As for anyone concerned about an ageing population, within the next few decades human labor shortages will be solved with automation - to the point that there will be a shrinking job market. As for caring for the elderly, they will have access to new mobility technology, and life extension - at first expensive, but then trickling down to poorer people before 2 generations.
> So until that changes, running your own planet - the one you got for free, and which was working fine already - as if you're trying to test it to destruction to find out just how stable it really is, is an unbelievably dumb thing to do.
Note that unstated in the quoted text is a strong assumption or implication that we are "trying to test [the planet] to destruction ..." with our 8bn people. It's hard escape a soupçon that when someone says or implies that, they really resent most of that 8bn people, maybe to the point where they'd be ecstatic if they got wiped out. I'm not saying you do, but it's a pretty gross feeling I get when I see that line of argument.
And look, if fertility rates for the whole world were 8 and trending upwards with the current 8bn, then I think I would be panicking myself, and agreeing with you, and predicting ecological disaster, terrible wars, etc. But we're not.
Almost throughout the entire world, fertility rates have crashed below replacement rate. Some cases are fairly surprising, like Iran's, which had a fertility rate of 8 in 1978 and has been below replacement rate for a number of years.
The reasons for fertility rates spiking in the 20th century and then dropping so far so fast are very, very well understood. It even used to be fashionable to talk about that around here, but not now -- now the Malthusian narrative seems to be in full swing without regard to the actual facts of global population pyramid (why??):
- enormous technological and medical advances lowered child mortality rates and increased life expectancy very quickly in the 20th century
- but it took time for the number of children people had in suddenly wealthy countries to drop to match the new reality
- political changes (and possibly pushing even remotely close to the planet's carrying capacity) have caused economic pressures that have driven young people to reduce their fertility, postpone family formation, or forgo family formation altogether
- those add up to us now being about to enter a negative population growth regime
For an example of political changes that have caused such pressures see Social Security and programs like it around the world. Because those programs make caring for the current generation of retirees the burden of the current generations of workers, that puts a not-neglible economic pressure on the working generations, and as fertility rates drop, that pressure increases -- a vicious (or perhaps virtuous, if you like) cycle.

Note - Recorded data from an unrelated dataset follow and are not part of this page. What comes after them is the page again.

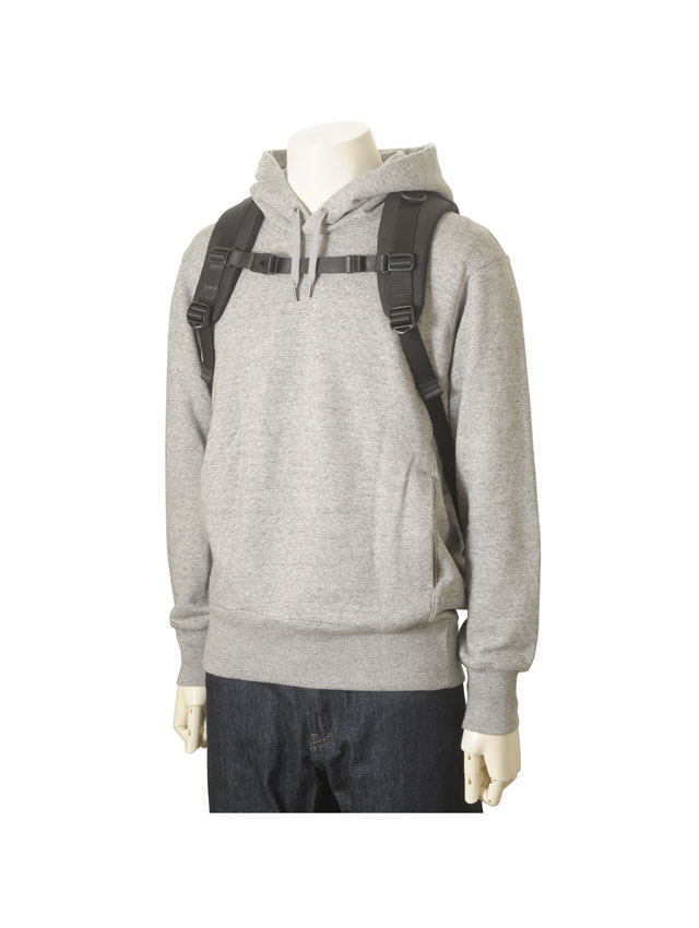 - ショルダーハーネスは表面にCORDURAR Ballistic、裏面にメッシュ素材を採用。極力肩の負担やズレ落ちが少なくなるよう機能美を追求した曲線デザインを採用。またアクティブシーンでは必需の左右留めのチェストストラップを装備。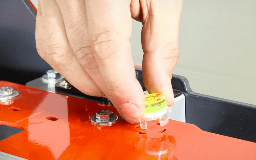 - Nível de bolha circular para facilitar o posicionamento correcto do cortador eléctrico.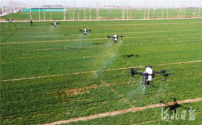 2020年3月10日,在河北省石家庄市藁城区梅花镇高玉村麦田里,藁城区丰可得农机种植专业合作社的社员驾驶操控植保无人机为麦苗进行一喷综防作业。进入春耕时节,石家庄市藁城区在落实疫情防控措施的同时,农民们抢抓农时进行田间管护,积极开展春耕生产。记者史晟全摄影报道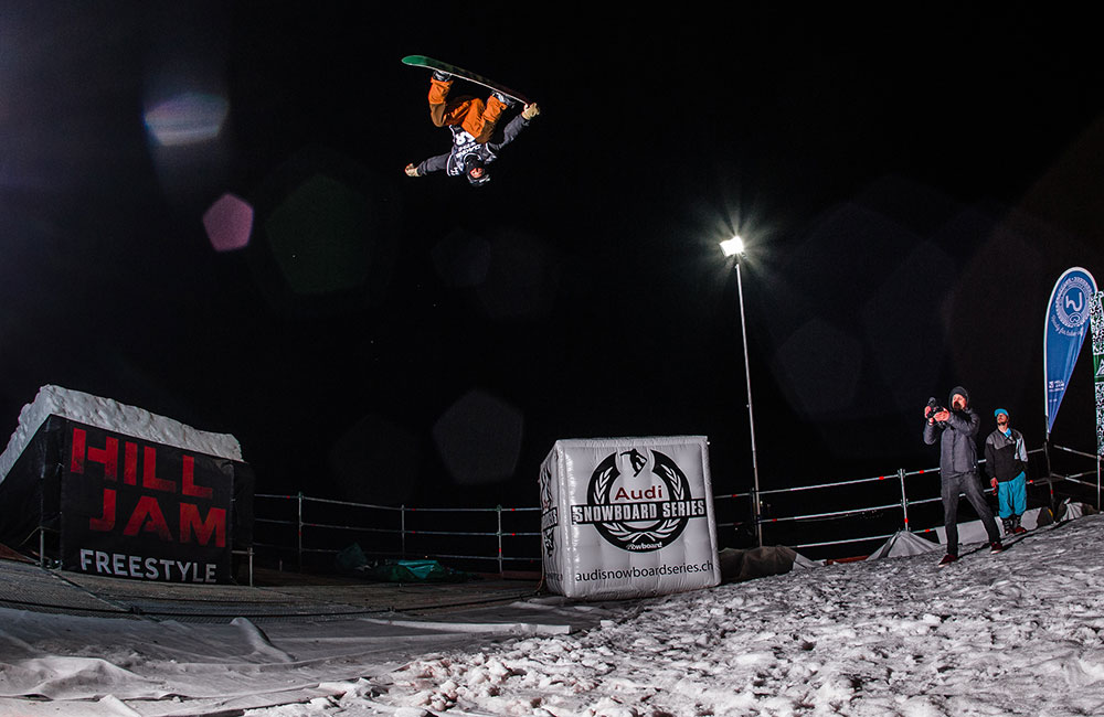 Am hill jam 7 starteten 45 Freeskier und 27 Snowboarder aus der Schweiz, England, Holland, Deutschland und sogar den USA. Die Teilnehmer zeigten Luftakrobatik vom Feinsten und begeisterten die Zuschauer. Gewonnen hat die Kategorie Freeski – Swiss Freeski Tour – Mees Van Lierop (NED, Bergeijk), vor Colin Wili (SUI), und Clint Christen (USA). Bei den Snowboarden – Audi Snowboard Series – entschied dieses Jahr Lou Staub (SUI) den Contest für sich. Vor dem zweitplatzierten Silvan Müller (SUI) und auf dem dritten Rang: Rico Wittwer (SUI).

Hello. Negative population growth for a while is now baked in to the world's population pyramid. You may now have a good night's sleep. You're welcome.
Climate change also exists. So do resource limits.
Something that doesn't exist is the science of living outside of an existing planetary ecosystem.
Do some research on how much is understood about creating a stable ecosystem out of sand, metal ore, and water. You'll find it's a good approximation to zero.
Flag wavers think it's all about building giant rockets, planting a flag - and boom. Colony! Asteroid mining! Etc!
The reality couldn't be more different. Giant rockets are barely the loading screen. Feeding humans, dealing with waste products without choking on them, growing or synthesising essential nutrients, building systems that do all of this in a stable self-sustaining way - these are all beyond hard.
And that's not even getting into psychology and politics.
So until that changes, running your own planet - the one you got for free, and which was working fine already - as if you're trying to test it to destruction to find out just how stable it really is, is an unbelievably dumb thing to do.